I think have found a partial fix, need to specify :negctts flag in a crypt cmd. Dashing can use cmf2, cmfc profiles and include SIDX box in a segment file. Total duration of sidx and sidx.earliestPresentationTime looks good in 1..n.m4s segment files.

Still sidx.duration fragment does not match to mdat.duration fragment.

MP4Box -crypt drm-cenc.xml temp/temp-v1.mp4 -out temp/temp-v1-cenc.mp4:negctts

MP4Box -dash 184320 -frag 46080 -dash-scale 48000 -mem-frags -rap -profile dashavc264:live \
  -profile-ext urn:hbbtv:dash:profile:isoff-live:2012 -min-buffer 2000 \
  -bs-switching no -sample-groups-traf -single-traf --tfdt64 --tfdt_traf --btrt=no \
  --truns_first=yes --cmaf=cmf2 -subsegs-per-sidx 0 \
  -segment-name "$RepresentationID$/$Number$$Init=i$" \
  -out manifest.mpd \
  "temp/temp-v1-cenc.mp4#trackID=1:id=v1:period=p0:asID=1:role=main" \
  "temp/temp-a1-cenc.mp4#trackID=1:id=a1:period=p0:asID=21:role=main"

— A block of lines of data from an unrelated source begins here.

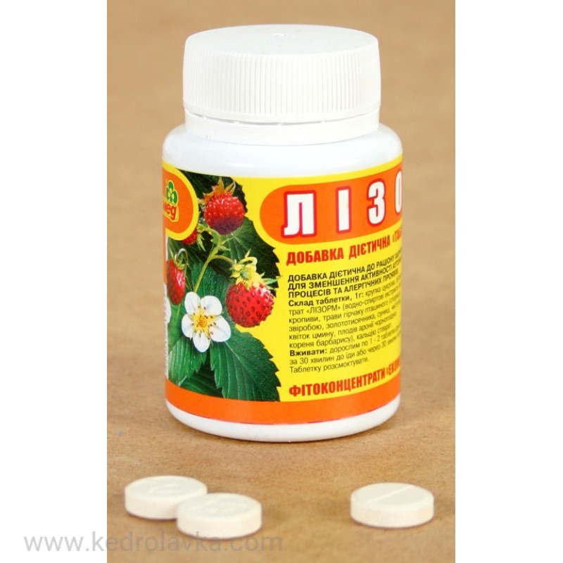 Состав, табл., 1г: крупка сахарная, фитоконцентрат Лизорм (водно-спиртовые экстракты листьев крапивы, травы горчицы птичьего (спорыша), зверобоя, золототысячника, земляники, чистотела, цветков цмину, плодов аронии черноплодной, короды, короды).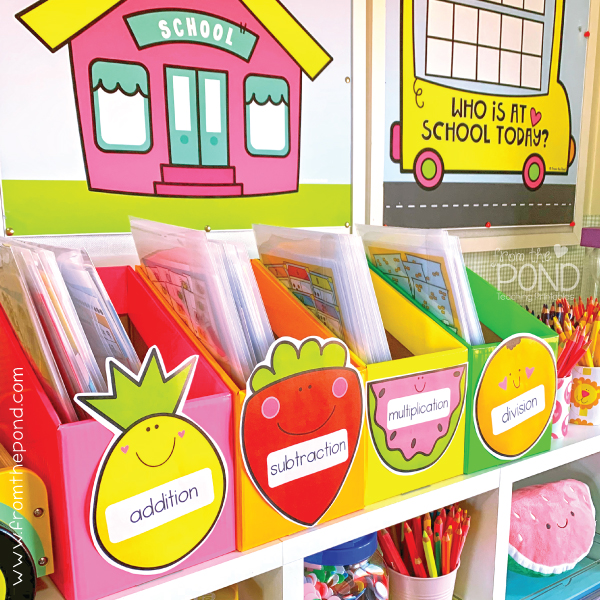 Use our printable classroom labels to help orgninize your resources for math! We have used bright, happy labels from our fruit collection to sort math center packs into addition, subtraction, multiplcation and division.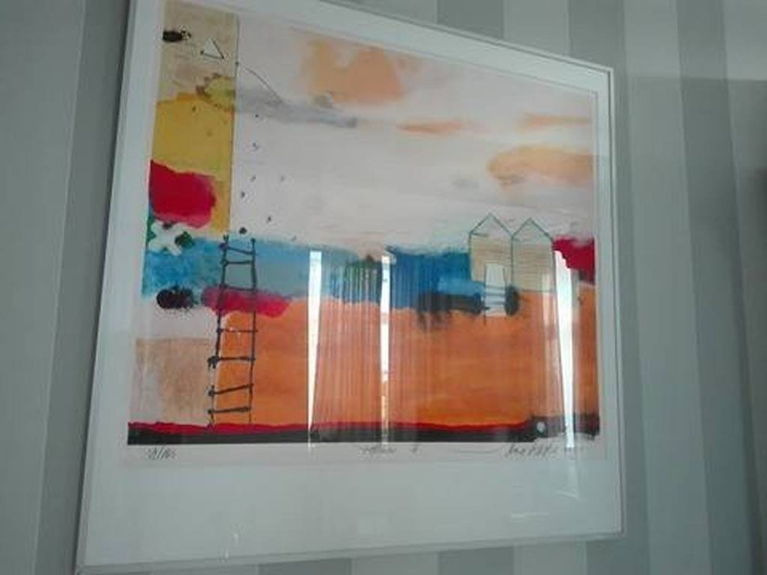 Prachtige kleuren, werkelijk schitterend groot werk. De zeefdruk is opgebouwd uit 27 drukgangen. Dit prachtige werk in warme kleuren is professioneel ingelijst met zilverkleurige lijst, passe-partout en glas. De conditie is als nieuw. (De lijst is linksonder minimaal beschadigd; daar heb ik rekening gehouden met het openingsbod)

**NEW cenc segments, :negctts flag was used in a crypt command (ok)**
- 1.m4s and 2.m4s sidx total duration is correct
- still sidx.duration fragment does not match to mdat.duration fragment !!!
cenc/v1/1.m4s SIDX.earliestPresTime=0, timescale=12800, trun.version=1
SIDX.dur=       12800,        12288,        12288,        11776, total=49152 (3,84s)  !!!
mdat.dur=24*512=12288, 24*512=12288, 24*512=12288, 24*512=12288, total=49152 (3,84s)  !!!
cenc/v1/2.m4s SIDX.earliestPresTime=49152(3,84s)  !!!
SIDX.dur=       12800,        12288,        12288,        11776, total=49152 (3,84s)
mdat.dur=24*512=12288, 24*512=12288, 24*512=12288, 24*512=12288, total=49152 (3,84s)

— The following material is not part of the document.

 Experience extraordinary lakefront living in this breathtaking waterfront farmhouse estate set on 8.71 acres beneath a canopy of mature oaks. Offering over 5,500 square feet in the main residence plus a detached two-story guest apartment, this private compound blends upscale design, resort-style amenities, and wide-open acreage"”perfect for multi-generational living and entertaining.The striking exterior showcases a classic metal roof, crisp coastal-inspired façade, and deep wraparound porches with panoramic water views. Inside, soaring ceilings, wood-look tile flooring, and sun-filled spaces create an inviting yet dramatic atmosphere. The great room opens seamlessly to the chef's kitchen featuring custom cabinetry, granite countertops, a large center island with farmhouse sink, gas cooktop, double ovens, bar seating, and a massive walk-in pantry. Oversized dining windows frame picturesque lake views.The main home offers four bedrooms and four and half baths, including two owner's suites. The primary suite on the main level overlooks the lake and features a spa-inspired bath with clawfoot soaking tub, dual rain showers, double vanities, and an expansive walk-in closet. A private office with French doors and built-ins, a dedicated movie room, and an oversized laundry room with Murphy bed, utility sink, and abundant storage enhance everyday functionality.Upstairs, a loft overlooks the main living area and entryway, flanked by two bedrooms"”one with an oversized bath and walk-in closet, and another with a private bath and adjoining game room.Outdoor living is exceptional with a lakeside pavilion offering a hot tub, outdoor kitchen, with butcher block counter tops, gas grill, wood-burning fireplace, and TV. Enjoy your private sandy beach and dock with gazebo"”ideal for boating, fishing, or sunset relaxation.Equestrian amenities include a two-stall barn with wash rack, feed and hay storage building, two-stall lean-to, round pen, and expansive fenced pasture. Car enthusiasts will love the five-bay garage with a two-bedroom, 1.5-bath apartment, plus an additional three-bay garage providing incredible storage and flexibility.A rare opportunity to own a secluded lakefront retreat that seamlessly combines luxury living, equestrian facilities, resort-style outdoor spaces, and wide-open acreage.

**OLD cenc segments, no :negctts flag in a crypt command (incorrect)**
- 1.m4s SIDX.dur is wrong, wrong value goes to 2.m4s sidx.earlisetPresentationTime field.
cenc/v1/1.m4s SIDX.earliestPresTime=0, timescale=12800, , trun.version=1
SIDX.dur=       11776,        12288,        12288,        11776, total=48128 (3,76s) !!!
mdat.dur=24*512=12288, 24*512=12288, 24*512=12288, 24*512=12288, total=49152 (3,84s) !!!
cenc/v1/2.m4s SIDX.earliestPresTime=48128(3,76s) !!!
SIDX.dur=       12800,        12288,        12288,        11776, total=49152 (3,84s)
mdat.dur=24*512=12288, 24*512=12288, 24*512=12288, 24*512=12288, total=49152 (3,84s)
jeanlf commented 1 year ago

We indeed had a bug when moving from ctts v0 to v1, source delay was not ignored when computing sidx, now fixed thanks for the report.

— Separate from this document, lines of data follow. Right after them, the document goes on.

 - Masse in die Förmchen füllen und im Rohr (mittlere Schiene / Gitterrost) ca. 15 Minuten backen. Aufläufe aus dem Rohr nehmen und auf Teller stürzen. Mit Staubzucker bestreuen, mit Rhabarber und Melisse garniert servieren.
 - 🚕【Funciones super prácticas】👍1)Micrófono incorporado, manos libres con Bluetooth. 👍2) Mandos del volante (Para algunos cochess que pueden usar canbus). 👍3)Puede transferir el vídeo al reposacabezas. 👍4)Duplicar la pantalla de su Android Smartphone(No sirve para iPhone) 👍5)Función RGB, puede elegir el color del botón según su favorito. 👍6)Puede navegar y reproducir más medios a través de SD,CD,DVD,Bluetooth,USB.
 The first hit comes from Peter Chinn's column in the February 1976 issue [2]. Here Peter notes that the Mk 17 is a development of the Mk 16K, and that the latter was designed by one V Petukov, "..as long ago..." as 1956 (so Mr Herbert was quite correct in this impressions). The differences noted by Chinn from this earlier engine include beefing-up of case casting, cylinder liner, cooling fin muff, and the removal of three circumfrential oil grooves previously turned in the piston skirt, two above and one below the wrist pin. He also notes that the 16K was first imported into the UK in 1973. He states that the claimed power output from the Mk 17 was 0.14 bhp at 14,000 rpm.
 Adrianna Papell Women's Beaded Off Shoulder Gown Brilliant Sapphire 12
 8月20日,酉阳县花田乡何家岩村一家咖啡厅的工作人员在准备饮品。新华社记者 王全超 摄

Regarding fragment durations, this is the expected behaviour: mdat.duration is the sum of durations of all samples in the fragment, but sidx.duration is NOT, it is the diff between the min cts in the next sidx entry (or in next segment) and the min cts in the fragment. Depending on the gop structure, this can change the fragment duration.

Murmur commented 1 year ago

Thanks, all looking good. I was not aware of sidx.dur|mdat.dur does not follow the same calculation. Using fps=25, segdur=3.84s, gop=1.92s, frags=2 | aac 48Khz writes two video fragments(dur=24576, scale=12800, both sidx rap=1) and sidx.dur=mdat.dur match in a segment file.